I still strongly recommend you go from the stock techproducts example
and get familiar with how Solr (and highlighting) work before jumping
in and changing things. There are a number of ways things can be
mis-configured and trying to change several things at once is a fine
way to go mad. The admin UI>>schema browser is another way you can see
what kind of terms are _actually_ in your index in a particular field.

Best,
Erick




On Wed, Dec 16, 2015 at 12:26 PM, Teague James <te...@insystechinc.com> wrote:
> Sorry to hear that didn't work! Let me ask a couple of questions...
>
> Have you tried the analyzer inside of the Admin Interface? It has helped me sort out a number of highlighting issues in the past. To access it, go to your Admin interface, select your core, then select Analysis from the list of options on the left. In the analyzer, enter the term you are indexing in the top left (in other words the term in the document you are indexing that you expect to get a hit on) and right input fields. Select the field that it is destined for (in your case that would be 'content'), then hit analyze. Helps if you have a big screen!
>
> This will show you the impact of the various filter factories that you have engaged and their effect on whether or not a 'hit' is being generated. Hits are idietified by a very feint highlight. (PSST... Developers... It would be really cool if the highlight color were more visible or customizable... Thanks y'all) If it looks like you're getting hits, but not getting highlighting, then open up a new tab with the Admin's query interface.
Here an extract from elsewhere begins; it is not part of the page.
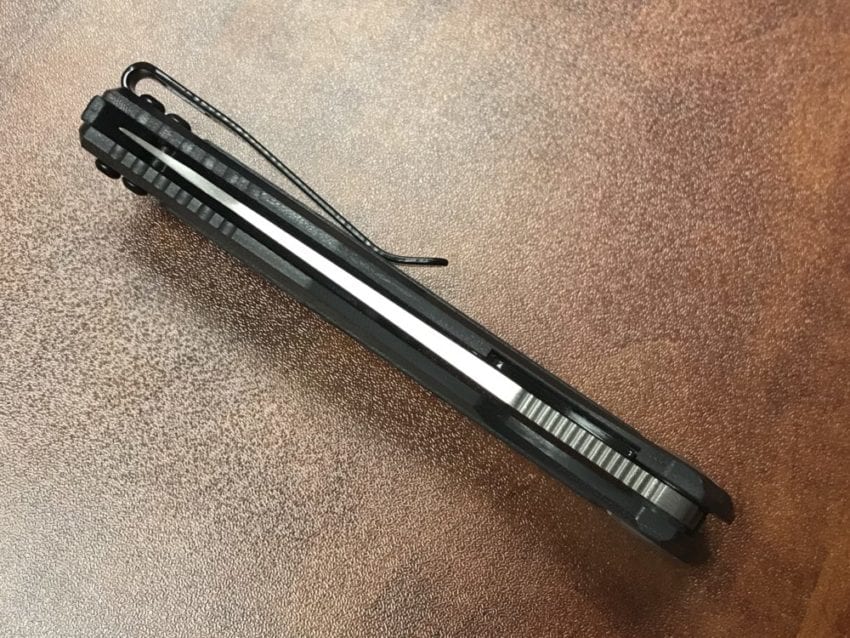 The Kershaw Atmos clip can be repositioned on either side of the handle in a tip-up position only. When closed, it only takes up 4″ worth of space. Because the Atmos is so light and thin, you’ll find that you almost forget that you’re wearing it.

Same place on the left as the analyzer. Replace the "*:*" with your search term (assuming you already indexed your document) and if necessary you can put something in the FQ like "id:123456" to target a specific record.
>
> Did you get a hit? If no, then it's not highlighting that's the issue. If yes, then try dumping this in your address bar (using your URL/IP, search term, and core name of course. The fq= is an example) :
> http://[URL/IP]/solr/[CORE-NAME]/select?fq=id:123456&q="[SEARCH-TERM]"
>
> That will dump Solr's output to your browser where you can see exactly what is getting hit.
>
> Hope that helps! Let me know how it goes. Good luck.
>
> -Teague
>
> -----Original Message-----
> From: Evert R. [mailto:evert.ramos@gmail.com]
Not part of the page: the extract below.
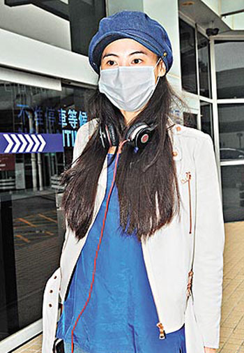 柏芝在機場臨上車離開前,主動拉高帽子給記者拍照
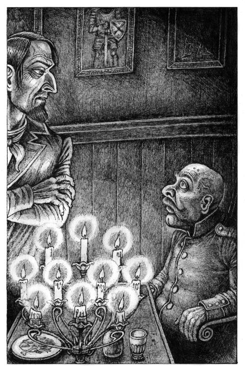 Он сидел в небольшом кружке яркого света, который играл на его серебряных эполетах и освещал его терракотовое лицо, густые брови и рыжие усы. Вне этого светлого круга царили тени и мрак, и предметы, наполнявшие столовую, различались с трудом.

> Sent: Wednesday, December 16, 2015 1:46 PM
> To: solr-user <so...@lucene.apache.org>
> Subject: Re: Solr Basic Configuration - Highlight - Begginer
>
> Hi Teague!
>
> I configured the solrconf.xml and schema.xml exactly the way you did, only substituting the word 'documentText' per 'content' used by the techproducts sample, I reindex through :
>
>  curl '
> http://localhost:8983/solr/techproducts/update/extract?literal.id=pdf1&commit=true'
> -F "Emmanuel=@/home/solr/dados/teste/Emmanuel.pdf"
>
> with the same result.... no highlight in the respond as below:
>
> "highlighting": { "pdf1": {} }
>
> =(
>
> Really... do not know what to do...
>
> Thanks for your time, if you have any more suggestion where I could be missing something... please let me know.
>
>
> Best regards,
>
> *Evert*
>
> 2015-12-16 15:30 GMT-02:00 Teague James <te...@insystechinc.com>:
>
>> Hi Evert,
>>
>> I recently needed help with phrase highlighting and was pointed to the
>> FastVectorHighlighter which worked out great. I just made a change to
>> the configuration to add generateWordParts="0" and
>> generateNumberParts="0" so that searches for things like "1a" would
>> get highlighted correctly. You may or may not need that feature. You
>> can always remove them or change the value to "1" to switch them on explicitly. Anyway, hope this helps!
>>
>> solrconfig.xml (partial snip)
>> <requestHandler name="/select" class="solr.SearchHandler">
>>                 <lst name="defaults">
>>                         <str name="wt">xml</str>
>>                         <str name="echoParams">explicit</str>
>>                         <int name="rows">10</int>
>>                         <str name="df">documentText</str>
>>                         <str name="hl">on</str>
>>                         <str name="hl.fl">text</str>
>>                         <str name="hl.useFastVectorHighlighter">true</str>
>>                         <str name="hl.snippets">100</str>
>>                         <str name="hl.tag.pre"><b></str>
>>                         <str name="hl.tag.post"></b></str>
>>                 </lst>
>> </requestHandler>
>>
>> schema.xml (partial snip)
>>    <field name="id" type="string" indexed="true" stored="true"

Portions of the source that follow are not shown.